··· Data extract ···

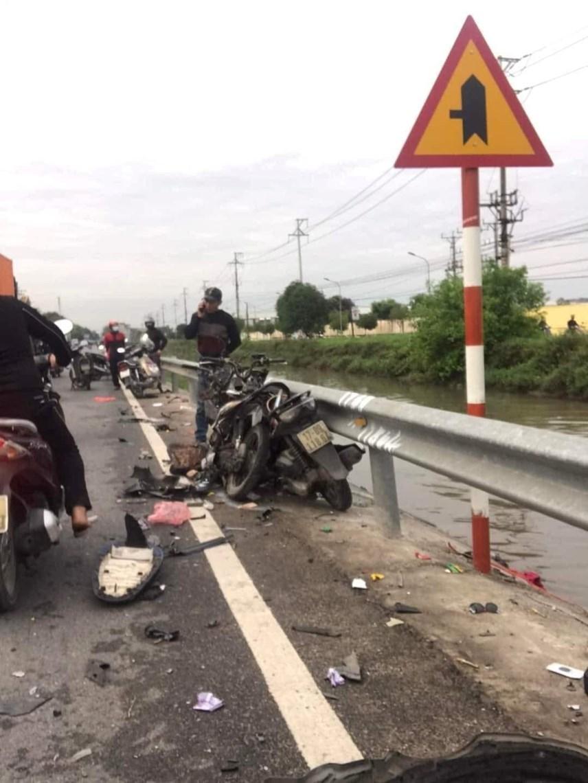 Tại hiện trường, các phương tiện đều bị hư hỏng nặng, biến dạng, mảnh vỡ vương vãi khắp mặt đường.
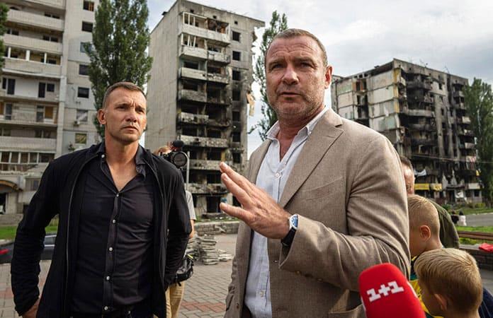 El actor de Hollywood Liev Schreiber y el exastro del fútbol ucraniano Andriy Shevchenko pidieron que se mantengan las donaciones internacionales para Ucrania el lunes durante una visita a una zona residencial fuera de Kiev que sufrió muchos daños por los ataques rusos.
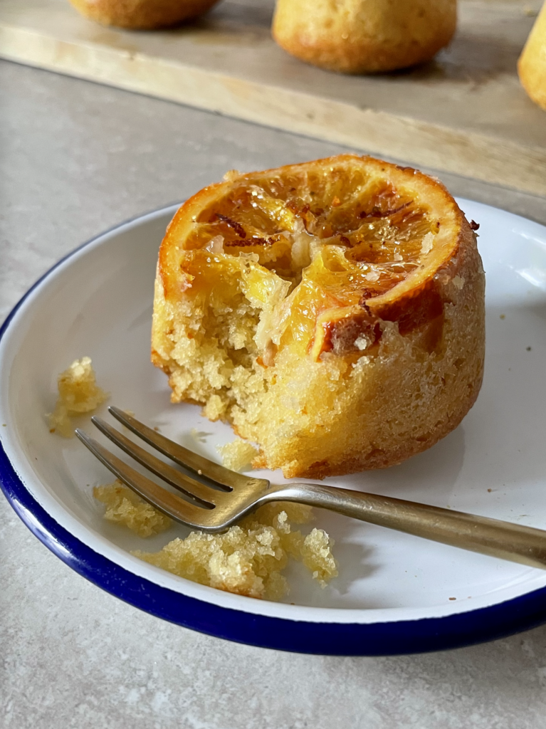 Préchauffez le four à 170 °C, huilez 8 moules individuels et chemisez le fond de papier cuisson, disposez une tranche d’orange dans le fond de chaque cavité, recouvrez avec l’appareil et enfournez 35 minutes. Démoulez encore chaud en retournant : les oranges apparaissent, brillantes, sanguines… le genre de renversement que Marty apprécierait.
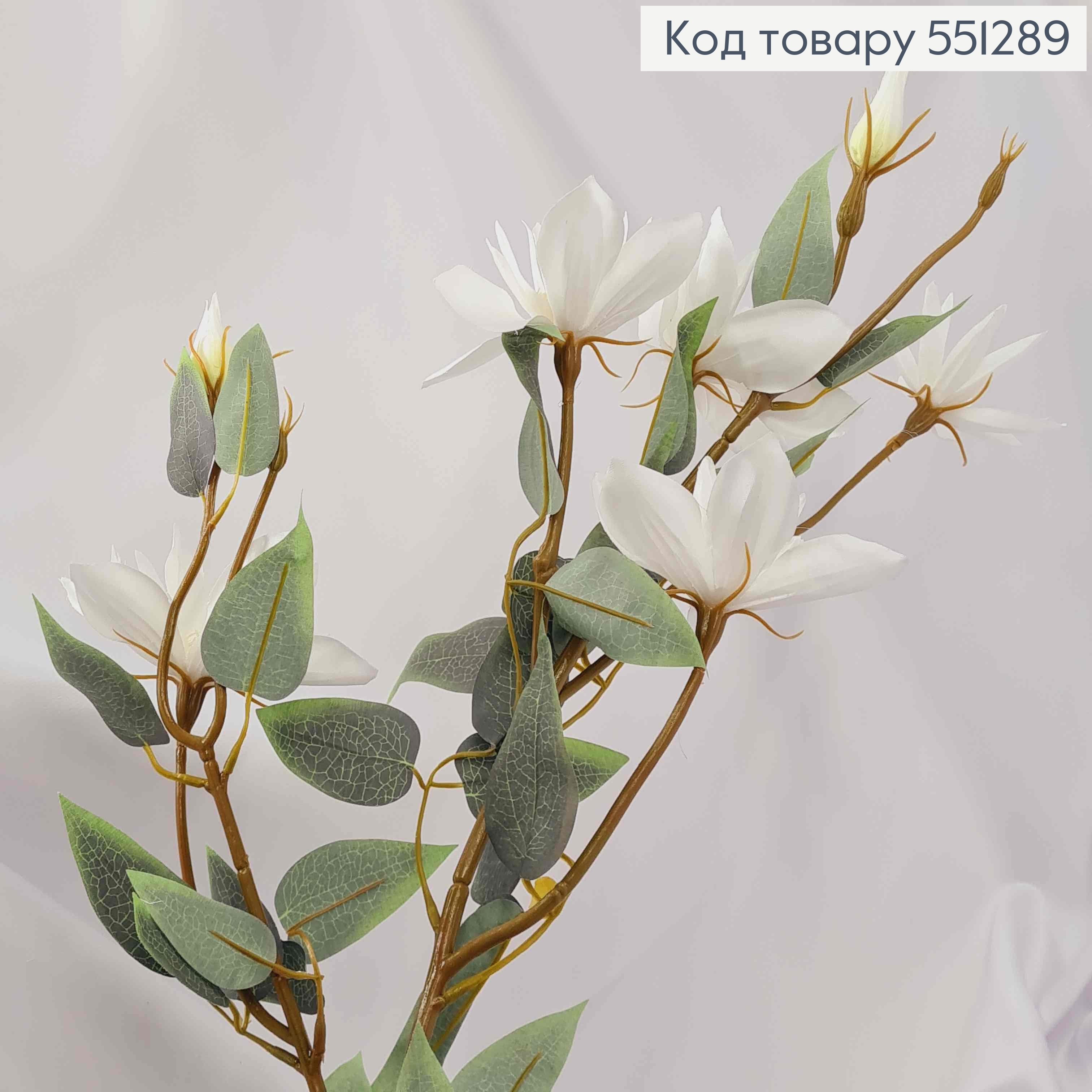 Штучна квітка Клематіса, БІЛА з пастельними листочками (5 квіток+2 бутони), композиція висотою 85см

···

Your instructions: The expected answer is the listing above, duplicated exactly, with its pictures removed.

Answer to this task:
 Tại hiện trường, các phương tiện đều bị hư hỏng nặng, biến dạng, mảnh vỡ vương vãi khắp mặt đường.
 El actor de Hollywood Liev Schreiber y el exastro del fútbol ucraniano Andriy Shevchenko pidieron que se mantengan las donaciones internacionales para Ucrania el lunes durante una visita a una zona residencial fuera de Kiev que sufrió muchos daños por los ataques rusos.
 Préchauffez le four à 170 °C, huilez 8 moules individuels et chemisez le fond de papier cuisson, disposez une tranche d’orange dans le fond de chaque cavité, recouvrez avec l’appareil et enfournez 35 minutes. Démoulez encore chaud en retournant : les oranges apparaissent, brillantes, sanguines… le genre de renversement que Marty apprécierait.
 Штучна квітка Клематіса, БІЛА з пастельними листочками (5 квіток+2 бутони), композиція висотою 85см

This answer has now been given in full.